Nearly 50 years ago, Randy and Gary White surfed in the morning and crafted wooden bracelets and rings in the afternoons in the backyard of their Southern California home, starting a lifelong passion for woodworking.
In 1970 they founded Bentwood Furniture, so named because Randy had learned how to bend wood in engineering class in college.
They moved to Grants Pass from Huntington Beach, Calif., in 1979, and by the early 1990s their Bentwood Furniture plant employed over 200 people at their factory on Northwest Morgan Lane. Those were the salad days.
Now the brothers are back making furniture after a transition period that included a market collapse, selling out, leasing most of their 44,000 square feet manufacturing area to another company and waiting out a non-compete clause for five years.
They've turned out their first set of 50 wooden chairs, for sale in the Rogue Valley Furniture showroom on Morgan Lane that has continued the retail end of the business through ups and downs.

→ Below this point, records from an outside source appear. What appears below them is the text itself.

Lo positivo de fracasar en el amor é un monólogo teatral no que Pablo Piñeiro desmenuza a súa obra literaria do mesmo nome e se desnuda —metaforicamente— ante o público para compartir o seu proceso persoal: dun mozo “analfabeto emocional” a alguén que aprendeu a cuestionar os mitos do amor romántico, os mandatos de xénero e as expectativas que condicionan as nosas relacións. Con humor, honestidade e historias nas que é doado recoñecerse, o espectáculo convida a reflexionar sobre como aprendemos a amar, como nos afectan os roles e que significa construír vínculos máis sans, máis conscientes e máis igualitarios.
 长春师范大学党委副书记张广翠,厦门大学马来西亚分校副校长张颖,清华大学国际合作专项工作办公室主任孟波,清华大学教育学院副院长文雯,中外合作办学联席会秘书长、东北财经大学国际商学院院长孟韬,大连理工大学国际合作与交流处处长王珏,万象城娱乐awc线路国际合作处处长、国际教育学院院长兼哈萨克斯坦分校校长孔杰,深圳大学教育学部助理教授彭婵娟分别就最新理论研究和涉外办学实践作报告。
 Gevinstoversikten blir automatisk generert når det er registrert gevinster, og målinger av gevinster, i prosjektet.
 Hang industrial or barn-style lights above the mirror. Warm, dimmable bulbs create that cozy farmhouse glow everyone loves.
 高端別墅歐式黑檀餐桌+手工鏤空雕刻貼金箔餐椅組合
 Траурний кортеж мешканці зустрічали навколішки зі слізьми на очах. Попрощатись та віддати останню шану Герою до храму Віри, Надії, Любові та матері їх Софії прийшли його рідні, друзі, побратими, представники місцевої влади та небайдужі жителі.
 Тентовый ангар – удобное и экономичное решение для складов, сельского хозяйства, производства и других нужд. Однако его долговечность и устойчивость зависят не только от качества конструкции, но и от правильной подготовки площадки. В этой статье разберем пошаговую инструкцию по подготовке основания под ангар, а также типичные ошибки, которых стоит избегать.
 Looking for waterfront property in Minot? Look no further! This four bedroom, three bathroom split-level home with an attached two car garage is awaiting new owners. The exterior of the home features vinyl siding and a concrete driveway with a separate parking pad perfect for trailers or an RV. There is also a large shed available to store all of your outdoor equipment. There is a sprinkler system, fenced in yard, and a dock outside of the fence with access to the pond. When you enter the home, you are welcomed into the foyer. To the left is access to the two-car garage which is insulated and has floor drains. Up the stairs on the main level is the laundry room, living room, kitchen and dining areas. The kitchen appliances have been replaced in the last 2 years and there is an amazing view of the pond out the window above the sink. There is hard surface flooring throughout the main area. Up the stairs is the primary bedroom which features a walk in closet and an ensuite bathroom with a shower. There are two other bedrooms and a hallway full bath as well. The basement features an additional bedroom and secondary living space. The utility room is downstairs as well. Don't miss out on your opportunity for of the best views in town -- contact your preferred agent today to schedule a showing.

"We've had a presence here since 1980. We want to keep the continuity going," said Randy, 65. "That's important to us."
"It's in my blood to build things," added Gary, 63.
Upstream 21 of Portland bought Bentwood in 2009, and occupies three-fourths of the building making Roguewood furniture, using Bentwood's equipment, employees and designs. Under the terms of the sale, the Whites can't use the Bentwood name anymore.
Upstream also owns Jefferson State Forest Products, which makes high-end wooden produce bins and display tables, in the same plant. Upstream's two companies have over 25 employees.
The Whites still own the entire 8-acre property, which includes the furniture showroom and the Rogue Fly Shop operated by Randy's son Josh. Years ago it housed Caveman Camper, then Rogue Valley Sash and Door (now Rogue Valley Door), before Bentwood.
The Whites say manufacturing again is like a business startup.
Before the non-compete clause ended in January, they refitted 10,000 square feet of the shop with new routers and other equipment to make the complex pieces of a wooden chair. The various mortises and tenon joints on curved pieces have to fit perfectly.
"There's a big gap in the market for good, quality chairs made in America," Randy said. "That's the niche we're starting into."
"The chair is the most difficult thing you can make in furniture," Gary said.
In another six months they hope to be cranking out 10 styles of chairs, with a handful of employees.
They're not cheap at $369 apiece, but they are a comparatively good deal if you value hand-crafted furniture. Gary said a similar company in Portland sells them for $1,200.
"This is a very labor-intensive process," he said. "We can replace some labor by putting in really good equipment, but it still needs to be assembled and sanded."
Cheap labor overseas and trade practices sank the furniture business more than 20 years ago. Before that, the Whites and their Bentwood plant made a name with their 13 Oak Merchant stores, including one in downtown Grants Pass.
"China was selling furniture cheaper than I could buy the wood, and I was buying a boxcar of lumber every four days," Gary said.
Some of that overseas labor isn't as cheap now, he said. The brothers will also save with no office or sales staff.
"We can now be competitive again, especially without a huge overhead," Gary said. "We have to be really good at what we do or it won't happen."
Sit into one of their chairs and you see the Whites' attention to detail. Gary said he spent a month programming the router machines, entering computer codes, to make that saddle style.
"As soon as I can get somebody's rump in them, they're sold," said Linda Long, manager for Rogue Valley Furniture. "All the years they designed furniture went into the comfort and look of these chairs."
"The poetry of all of that is, it's reproduceable," Gary said. "This is going to be our signature."
They're doing business with a mill in Corvallis for oak, walnut, cherry and birch.
Randy White said the entrepreneurial spirit, and the high cost of personal health insurance in retirement were incentives to get back into manufacturing.
And the lack of quality, solid wood furniture.
"You can't find furniture made of solid wood anymore," Gary said. "And you can't find a store like this even in Oregon. And it's right in our backyard."